When N and K are greater than 0 (N is a number of CPUs) and 1<K<N, the mobile terminal may be configured such that the first interface connector is responsible for the first to K^thCPUs and the second interface connector is responsible for the K+1^thto N^thCPUs and the earphone port EAR. A test system to test such a mobile terminal may include a second switch unit to selectively connect the K+1^thto N^thJTAG ports to the second interface connector, at least one connector to connect the test device to the first and second interface connectors, a jig box to deliver test signals to the CPUs through the external connector, a test computer to monitor the CPUs, and a JTAG trace arranged between the test computer and the jig box to convert the signal output from the test computer into a signal appropriate for the jig box.

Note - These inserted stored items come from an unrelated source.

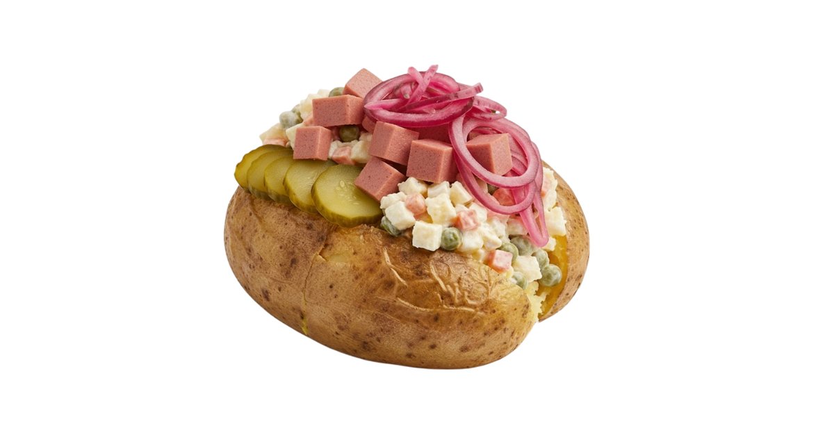 Bulvė, sviestas, sūris, salotos „Olivjė“, rūkyta filė, marinuoti raudonieji svogūnai, jogurto padažas, marinuoti agurkai
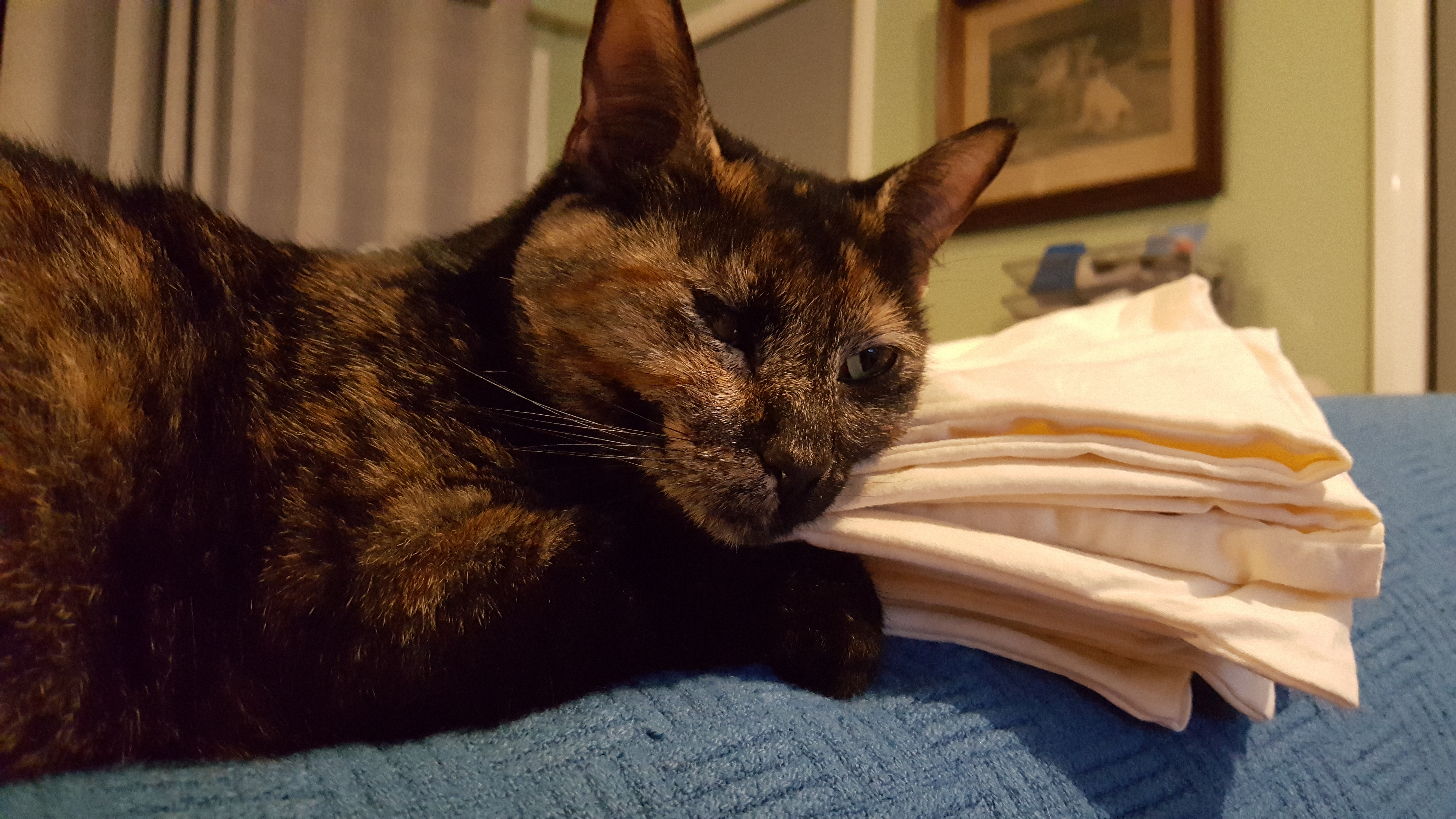 She is a gorgeous young cat (probably between 12-18months old) with a tortoiseshell coat and an amazing temperament. She adapted quickly to living with other adult cats and even let my cats be a part of her babies lives when they were newborns. She is still playful and loves spending time running around our garden. Pattie is so tolerant of other animals I don't think she would have any trouble fitting in to any household. If you are looking for a gorgeous tortie, let me know! :)
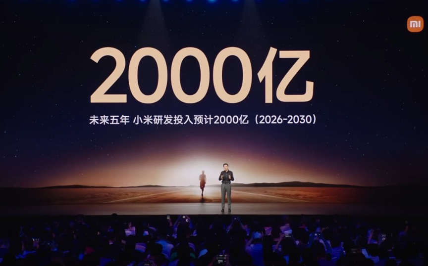 此外,小米称以技术为本,坚持高端化引领。雷军表示,未来5年(2026年至2030年),小米研发投入预计为2000亿元。
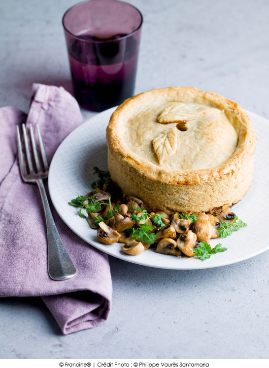 Garnir les moules du mélange, poser les chapeaux et ourler la pâte de façon à fermer la tourte. En percer le dessus pour laisser la vapeur s’échapper. Dorer au lait à l’aide d’un pinceau et enfourner pendant 30 à 35 mn.

Detailed structures and operations of the switches of FIG. 5 are described hereinafter. Since the structure and operation of the second switch are identical to those of the switch of FIG. 3, a detailed description of the second switch is omitted.
FIG. 6 is a circuit diagram showing a configuration of the first switch unit of FIG. 5. In this exemplary embodiment, it is assumed that the first CPU 210 is a main unit, and the second CPU 220 is a DMP chip to control a DMB module of the mobile terminal 200.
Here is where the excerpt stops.